Shell halts Chukchi Sea drilling

ANCHORAGE, Alaska — Royal Dutch Shell on Monday was moving its drill ship off a prospect in the Chukchi Sea, a day after drilling began 70 miles off the Alaska coast because sea ice was moving toward the vessel.

Shell Alaska spokesman Curtis Smith told The Associated Press that drilling was stopped for safety reasons.

“As a precautionary measure and in accordance with our approved Chukchi Sea Ice Management Plan, Shell has made the decision to temporarily move off the Burger-A well to avoid potentially encroaching sea ice,” he said by email. “Once the ice moves on, the Noble Discoverer will re-connect to anchors and continue drilling.”

Shell officials on Sunday were monitoring ice measuring 30 miles long and 12 miles wide about 105 miles away from the drill ship, Smith said by phone.

“We’re using satellite images, we’re using radar images, we’re also using onsite reconnaissance to watch this ice so there are no surprises,” Smith said.

The ice varies in thickness, he said, but at its thickest is 25 meters, or about 82 feet.
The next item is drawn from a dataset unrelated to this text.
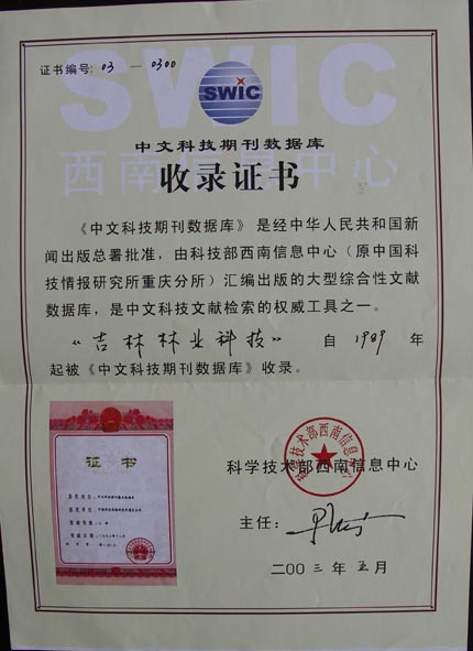 您當(dāng)前所在的位置: 首頁 >吉林林業(yè)科技 > 2003-2005各種收錄和榮譽(yù)證書
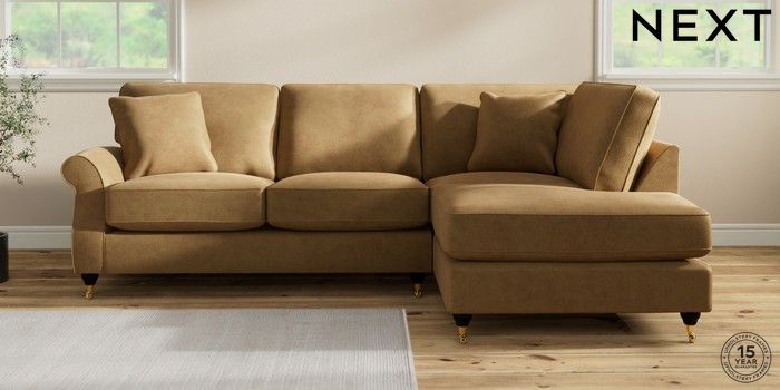 6.12.1 Buy Ashford Relaxed Sit Medium Corner Chaise - Right Hand Luxe Chenille Honey Yellow Castor - Dark from the Laura Ashley online shop Click here to use our website with more accessibility support, for example screen readers

It was moving at .5 knots, or .575 mph.

The decision to halt drilling was made Sunday. At noon Monday, the drill ship was detaching from the last of eight massive anchors. Smith said he did not know how far away the ice was at that time.
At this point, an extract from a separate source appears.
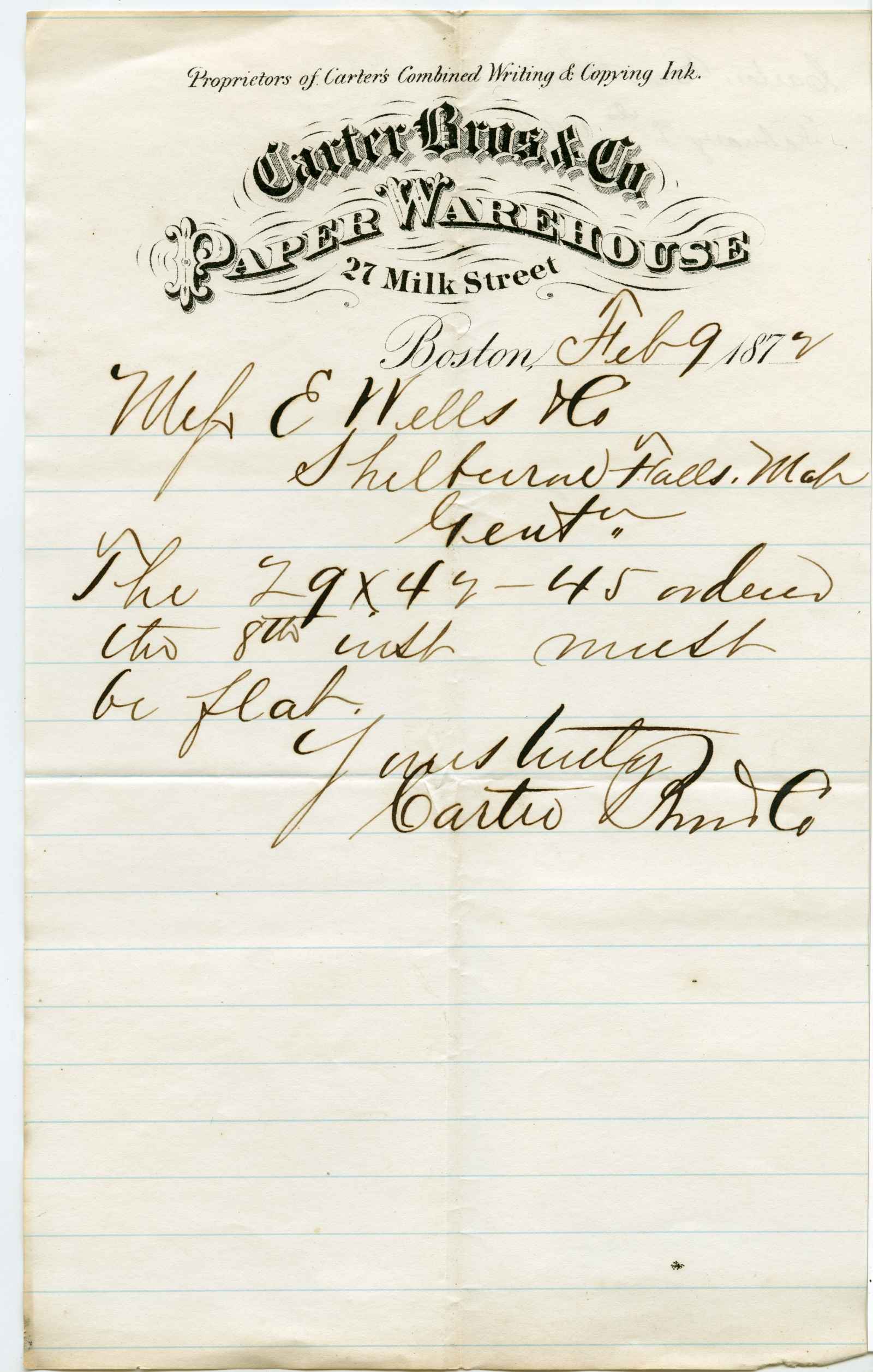 letter; Carter Bros, & Co. - PaperWarehouse - 27 Milk St - Boston

The anchors will stay in place.

“Part of working in ice is having the ability to temporarily relocate,” Smith said. “You never want to stop operations when your crews and your equipment are working smoothly but this is what it means to work safely in the Arctic.”
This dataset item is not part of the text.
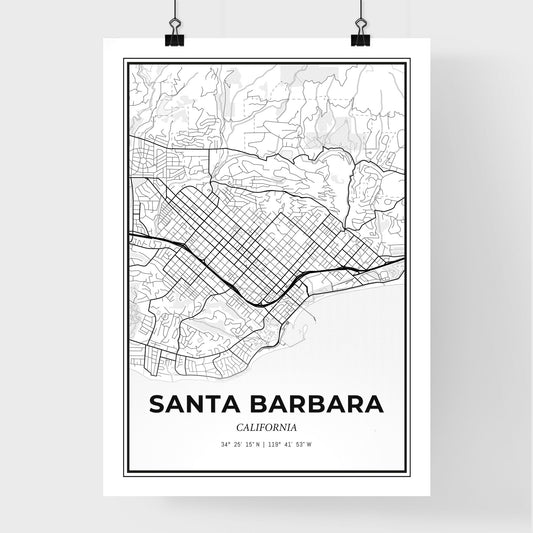 Santa Barbara California - Scandinavian Style City Map for Modern Home Decor

Drilling may be delayed by two days or more, he said. The ice, he said, is dynamic. After it passes, changing winds could blow it back.

“We need as much margin once it moves by as we demand before we start drilling,” he said.

Drilling had begun at 4:30 a.m. Sunday. Shell was given permission last month to begin preliminary work on an exploratory well. The company’s oil spill response barge has not been certified but the company was authorized to drill pilot holes that do not descend into oil reservoirs.

Shell has spent upward of $4.5 billion for Arctic Ocean drilling but had been thwarted from drilling by environmental lawsuits, regulatory requirements and short open-water drilling seasons.

Shell Alaska vice president Pete Slaiby on Sunday called the beginning of drilling historic. He said it was the first time a drill bit had touched the sea floor in the U.S. Chukchi Sea in more than two decades.

Drilling is bitterly opposed by environmental groups that say oil companies have not demonstrated they can clean up a spill in ice-choked water. They say a spill of the magnitude of the Deepwater Horizon blowout in the Gulf of Mexico would be catastrophic in a region hammered by climate warming and home to endangered or threatened marine mammals such as bowhead whales, polar bear and walrus.